Besides, the maskrcnn reports MAPs near 0 in the first evaluation step of detector (I wonder if I'm actually training it from scratch?). After several iters of training, part of the parameters turns to remain 0:

2021-06-28 08:28:02,984 maskrcnn_benchmark INFO: roi_heads.relation.union_feature_extractor.feature_extractor.pooler.reduce_channel.0.bias: 0.00042, (torch.Size([256]))
2021-06-28 08:28:02,985 maskrcnn_benchmark INFO: roi_heads.relation.predictor.context_layer.pos_embed.0.bias: 0.00001, (torch.Size([32]))
2021-06-28 08:28:02,985 maskrcnn_benchmark INFO: roi_heads.relation.predictor.context_layer.overlap_embed.0.weight: 0.00000, (torch.Size([128, 6]))
2021-06-28 08:28:02,985 maskrcnn_benchmark INFO: roi_heads.relation.predictor.context_layer.overlap_embed.0.bias: 0.00000, (torch.Size([128]))
2021-06-28 08:28:02,985 maskrcnn_benchmark INFO: roi_heads.relation.predictor.context_layer.overlap_embed.1.weight: 0.00000, (torch.Size([128]))
2021-06-28 08:28:02,985 maskrcnn_benchmark INFO: roi_heads.relation.predictor.context_layer.overlap_embed.1.bias: 0.00000, (torch.Size([128]))
2021-06-28 08:28:02,985 maskrcnn_benchmark INFO: roi_heads.relation.predictor.context_layer.box_embed.0.weight: 0.00000, (torch.Size([128, 9]))
2021-06-28 08:28:02,985 maskrcnn_benchmark INFO: roi_heads.relation.predictor.context_layer.box_embed.0.bias: 0.00000, (torch.Size([128]))
2021-06-28 08:28:02,986 maskrcnn_benchmark INFO: roi_heads.relation.predictor.context_layer.box_embed.1.weight: 0.00000, (torch.Size([128]))
2021-06-28 08:28:02,986 maskrcnn_benchmark INFO: roi_heads.relation.predictor.context_layer.box_embed.1.bias: 0.00000, (torch.Size([128]))
2021-06-28 08:28:02,986 maskrcnn_benchmark INFO: roi_heads.relation.predictor.context_layer.obj_reduce.weight: 0.00000, (torch.Size([128, 4096]))
2021-06-28 08:28:02,986 maskrcnn_benchmark INFO: roi_heads.relation.predictor.context_layer.obj_reduce.bias: 0.00000, (torch.Size([128]))
2021-06-28 08:28:02,986 maskrcnn_benchmark INFO: roi_heads.relation.predictor.context_layer.emb_reduce.weight: 0.00000, (torch.Size([128, 200]))

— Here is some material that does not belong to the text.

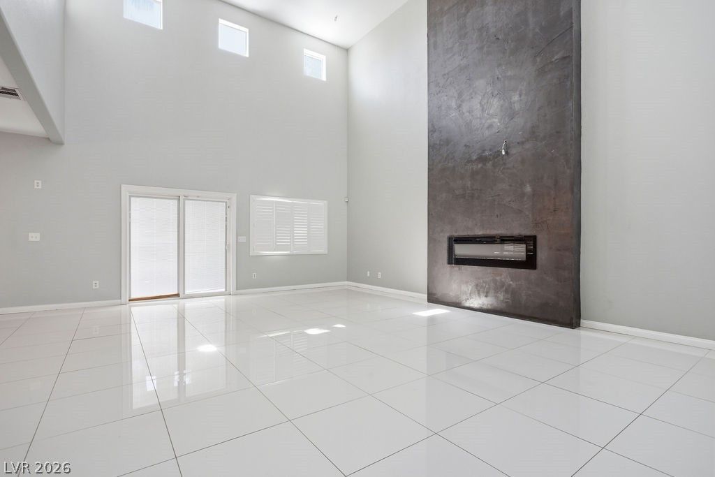 Stunning Southwest Las Vegas home with a sparkling pool! Nestled on a quiet cul-de-sac in a highly desirable area with no HOA, this beautifully updated 3-bedroom, 3-bath residence offers the perfect blend of style and comfort. Step into the great room featuring soaring ceilings, a sleek modern fireplace, elegant shutters, and skylights that fill the space with natural light. The upgraded kitchen is both stylish and functional, complete with a breakfast bar, generous counter space, and ample pantry storage. A spacious dining area flows seamlessly from the great room. Sliding doors lead to a private backyard retreat with a refreshing pool and resort-style cabana, perfect for relaxing or hosting gatherings. A convenient half bath is located downstairs. Upstairs, the spacious primary suite features an oversized shower, while two additional bedrooms share a beautifully appointed full bath. An expansive three-car garage provides abundant parking and storage space.

2021-06-28 08:28:02,986 maskrcnn_benchmark INFO: roi_heads.relation.predictor.context_layer.emb_reduce.bias: 0.00000, (torch.Size([128]))
2021-06-28 08:28:02,986 maskrcnn_benchmark INFO: roi_heads.relation.predictor.context_layer.score_pre.weight: 0.00000, (torch.Size([1024, 512]))

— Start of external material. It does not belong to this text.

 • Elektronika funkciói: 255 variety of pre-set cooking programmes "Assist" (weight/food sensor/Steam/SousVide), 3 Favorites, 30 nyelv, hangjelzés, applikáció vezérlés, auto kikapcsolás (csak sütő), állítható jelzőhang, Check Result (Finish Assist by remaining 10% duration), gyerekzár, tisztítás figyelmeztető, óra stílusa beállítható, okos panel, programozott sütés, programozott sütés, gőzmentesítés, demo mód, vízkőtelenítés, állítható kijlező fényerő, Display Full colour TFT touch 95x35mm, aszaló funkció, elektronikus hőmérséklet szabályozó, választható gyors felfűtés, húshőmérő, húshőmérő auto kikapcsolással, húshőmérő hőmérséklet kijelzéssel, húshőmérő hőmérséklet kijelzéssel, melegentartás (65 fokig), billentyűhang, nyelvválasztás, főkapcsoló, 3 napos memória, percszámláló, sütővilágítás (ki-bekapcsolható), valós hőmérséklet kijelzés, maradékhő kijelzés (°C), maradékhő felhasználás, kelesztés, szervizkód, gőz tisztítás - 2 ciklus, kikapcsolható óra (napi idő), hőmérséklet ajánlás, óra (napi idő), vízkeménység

2021-06-28 08:28:02,986 maskrcnn_benchmark INFO: roi_heads.relation.predictor.context_layer.score_pre.bias: 0.00000, (torch.Size([1024]))
2021-06-28 08:28:02,987 maskrcnn_benchmark INFO: roi_heads.relation.predictor.context_layer.score_sub.weight: 0.00000, (torch.Size([1024, 1024]))

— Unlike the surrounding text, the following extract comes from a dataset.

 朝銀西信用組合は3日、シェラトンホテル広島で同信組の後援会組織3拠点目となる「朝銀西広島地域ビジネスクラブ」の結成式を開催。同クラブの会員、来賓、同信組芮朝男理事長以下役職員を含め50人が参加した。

2021-06-28 08:28:02,987 maskrcnn_benchmark INFO: roi_heads.relation.predictor.context_layer.score_sub.bias: 0.00000, (torch.Size([1024]))
2021-06-28 08:28:02,987 maskrcnn_benchmark INFO: roi_heads.relation.predictor.context_layer.score_obj.weight: 0.00000, (torch.Size([1024, 1024]))
2021-06-28 08:28:02,987 maskrcnn_benchmark INFO: roi_heads.relation.predictor.context_layer.score_obj.bias: 0.00000, (torch.Size([1024]))
2021-06-28 08:28:02,987 maskrcnn_benchmark INFO: roi_heads.relation.predictor.context_layer.vision_prior.weight: 0.00000, (torch.Size([1, 3073]))
2021-06-28 08:28:02,987 maskrcnn_benchmark INFO: roi_heads.relation.predictor.context_layer.vision_prior.bias: 0.00000, (torch.Size([1]))

Despite the above possible problems, I kept training the model. But after 50000 iters, I got a test result like R@100 37.68 on the test set. I have noticed that all the examples are about the motif-based model, could you please show the right procedure of reproducing the reported performance of the vctree model (42.77 | 46.67 | 47.64)?